With the title of his eagerly-anticipated third album, The English Riviera, Metronomy frontman, songwriter, producer and general factotum Joseph Mount is coming home.

“Growing up [in Totnes, Devon] if your interests are music and things like that it’s difficult being somewhere so detached from the circuit,” he says from Paris where he is preparing for a weekend show in Nice.

“When I was younger it was a little better, bands would make it as far as Plymouth. Now if you have six or seven friends into music you have to make your own fun.

“There’s a bit of nostalgia but some of it is imagining what the music would sound like if there was a strong scene down there. I imagined a kind of laidback music, influenced by the proximity of the sea, by people with a bit of time on their hands.

“It’s funny because there is a music scene down there but it’s very out-of-sync with other places – there are a lot of singersongwriters, playing a type of music which isn’t that exciting, and then you also have bands like [1990s funk-rockers] Rootjoose and Reef [of Raise Your Hands fame].”

Despite his Devon roots, Metronomy’s story began here, when Joseph arrived to study at the University of Brighton. His 2006 debut album Pip Paine (Pay The £5,000 You Owe) was a largely instrumental work, composed, performed and produced by Joseph.

Touring the album, he joined forces with the so-called Food Groups, comprising his cousin Oscar Cash and close friend Gabriel Stebbings. They were both onboard as full-blown Metronomy members for the follow-up, the critical breakthrough Nights Out, which was named as one of the albums of 2008 by the NME.

This album saw him explore vocals more fully in a vague concept about “going out and having a c*** time”. “There was pressure on the third album, but it’s not really from anyone else but myself,” admits Joseph.
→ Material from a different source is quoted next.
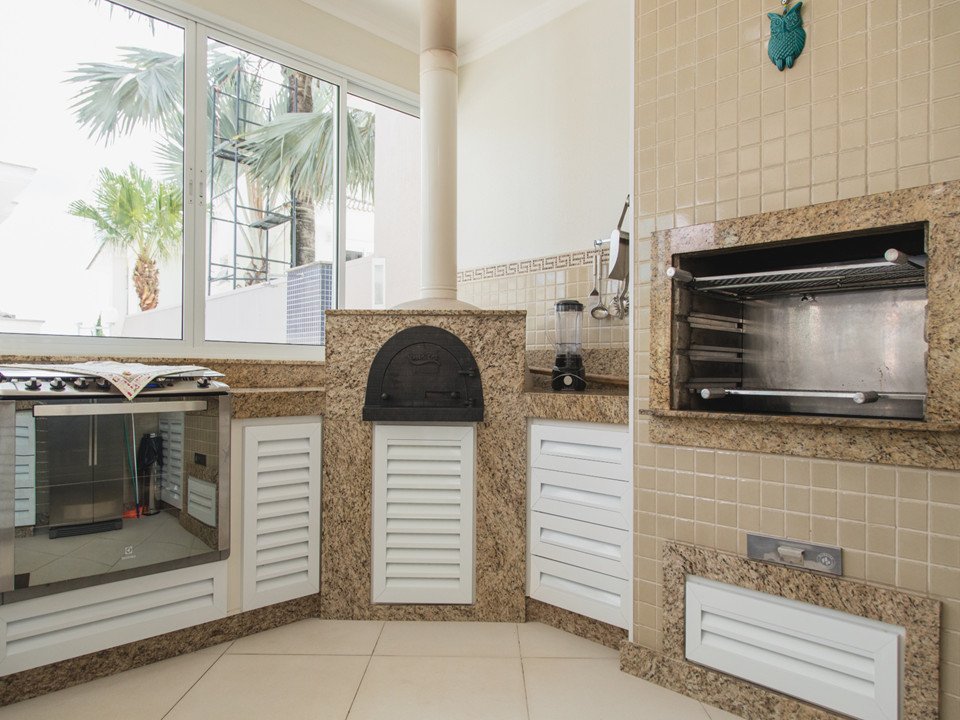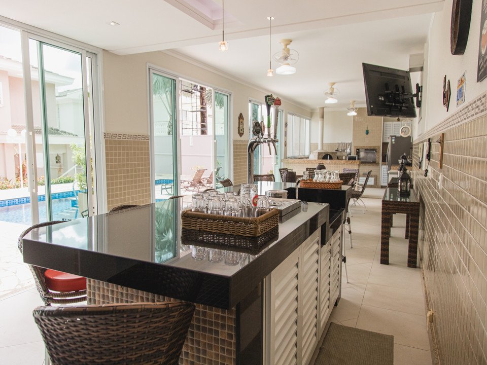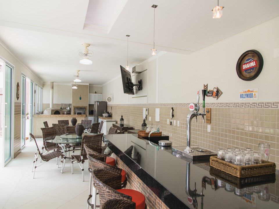 Espaço gourmet completo com churrasqueira, forno, fogão e ilha com chopeira e bicos

“The nice thing about Nights Out was that it didn’t set the charts on fire but it went down very well. You do feel like you don’t want to disappoint people. The only real pressure was to do something interesting and not go over the same ground.

“I imagined what a producer might say, and I thought it would probably be that I needed to strip back the songs, and to be confident with simple arrangements.
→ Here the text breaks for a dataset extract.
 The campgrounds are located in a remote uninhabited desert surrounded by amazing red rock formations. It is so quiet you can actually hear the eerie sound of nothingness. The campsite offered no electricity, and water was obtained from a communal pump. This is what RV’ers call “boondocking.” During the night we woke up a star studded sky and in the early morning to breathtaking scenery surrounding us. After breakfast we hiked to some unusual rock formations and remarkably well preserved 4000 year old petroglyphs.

“I also wanted to be more confident with my singing and give it a bit more emotion. Those were my ground rules in a way.”

Despite the more minimal arrangements on songs like dark new single She Wants and the brilliant The Look (complete with animated seagulls in the new video), the band has expanded to its largest line-up yet following the 2009 departure of Gabriel to focus on his band Your Twenties.

Joining Joseph and Oscar are bassist Gbanga Adelekan, and for the first time a drummer, Anna Prior, formerly of Lightspeed Champion.

“We had been playing as a four-piece when we finished the Nights Out tour,” says Joseph. “The first two albums were very much computer-created, in terms of how the songs were written, with lots of programming and editing techniques.

“I thought it would be nice to do something that was a lot more musical and built from people playing instruments well, rather than just programming drums.”

Having moved to London following his first album, Joseph has started returning to Brighton, partly because it is still Oscar’s home town.

“I got to the point where I found it hard to go back because every street corner contained a memory of university,” he says. “Now I’m enjoying being back in Brighton, in a slightly sad way, because it doesn’t necessarily resemble the same town I went to uni in. There’s been so much development it feels new to me!”